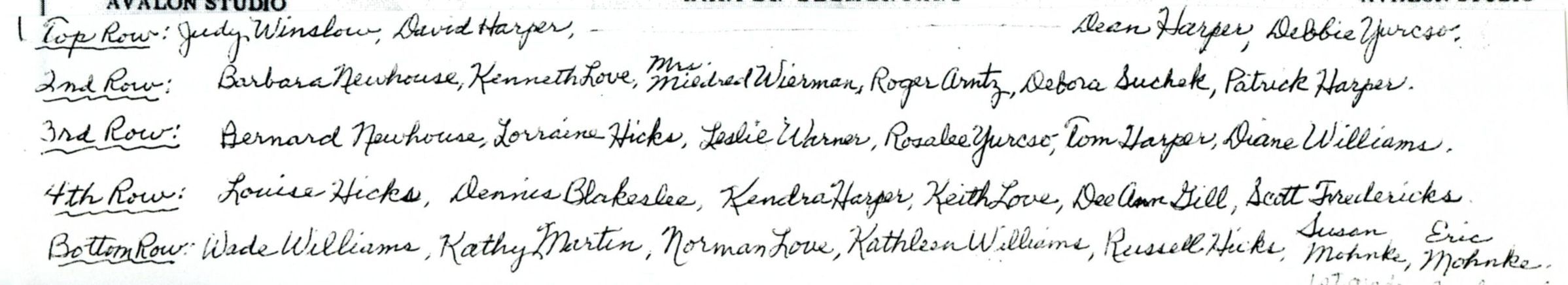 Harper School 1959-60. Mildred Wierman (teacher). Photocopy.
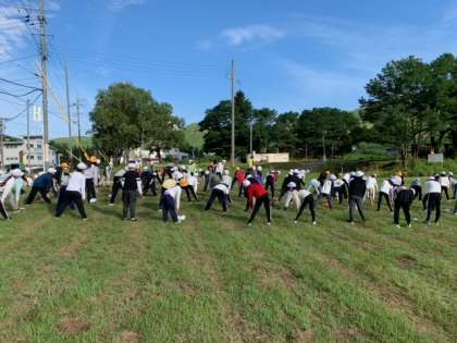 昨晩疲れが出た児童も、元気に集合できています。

──────────

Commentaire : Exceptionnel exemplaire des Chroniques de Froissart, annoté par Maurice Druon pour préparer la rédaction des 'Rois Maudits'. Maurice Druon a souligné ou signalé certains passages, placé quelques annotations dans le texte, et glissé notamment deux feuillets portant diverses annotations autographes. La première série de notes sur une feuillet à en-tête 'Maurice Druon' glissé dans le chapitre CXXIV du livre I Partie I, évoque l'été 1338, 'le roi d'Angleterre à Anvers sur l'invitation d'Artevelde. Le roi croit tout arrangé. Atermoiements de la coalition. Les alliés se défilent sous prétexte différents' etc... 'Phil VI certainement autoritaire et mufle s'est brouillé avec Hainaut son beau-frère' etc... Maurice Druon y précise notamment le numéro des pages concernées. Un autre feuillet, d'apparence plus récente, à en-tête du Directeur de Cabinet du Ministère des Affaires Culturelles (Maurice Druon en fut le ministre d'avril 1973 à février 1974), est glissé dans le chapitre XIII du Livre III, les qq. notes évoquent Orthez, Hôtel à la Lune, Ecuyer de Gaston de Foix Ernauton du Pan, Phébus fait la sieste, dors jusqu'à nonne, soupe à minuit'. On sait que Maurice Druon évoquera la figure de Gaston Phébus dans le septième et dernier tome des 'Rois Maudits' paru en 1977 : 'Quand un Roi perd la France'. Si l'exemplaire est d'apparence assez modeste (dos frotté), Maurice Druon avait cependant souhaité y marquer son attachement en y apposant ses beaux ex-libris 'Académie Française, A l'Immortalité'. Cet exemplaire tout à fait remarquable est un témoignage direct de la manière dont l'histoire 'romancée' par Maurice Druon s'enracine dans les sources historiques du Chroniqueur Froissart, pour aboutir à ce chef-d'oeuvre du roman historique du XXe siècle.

──────────

[How to complete this task]: Within the data above, repeat exactly the lines from the one bearing "Harper School 1959-60." through the one bearing "昨晩疲れが出た児童も、元気に集合できています。". Include no pictures and nothing else.

[Final answer]:
 Harper School 1959-60. Mildred Wierman (teacher). Photocopy.
 昨晩疲れが出た児童も、元気に集合できています。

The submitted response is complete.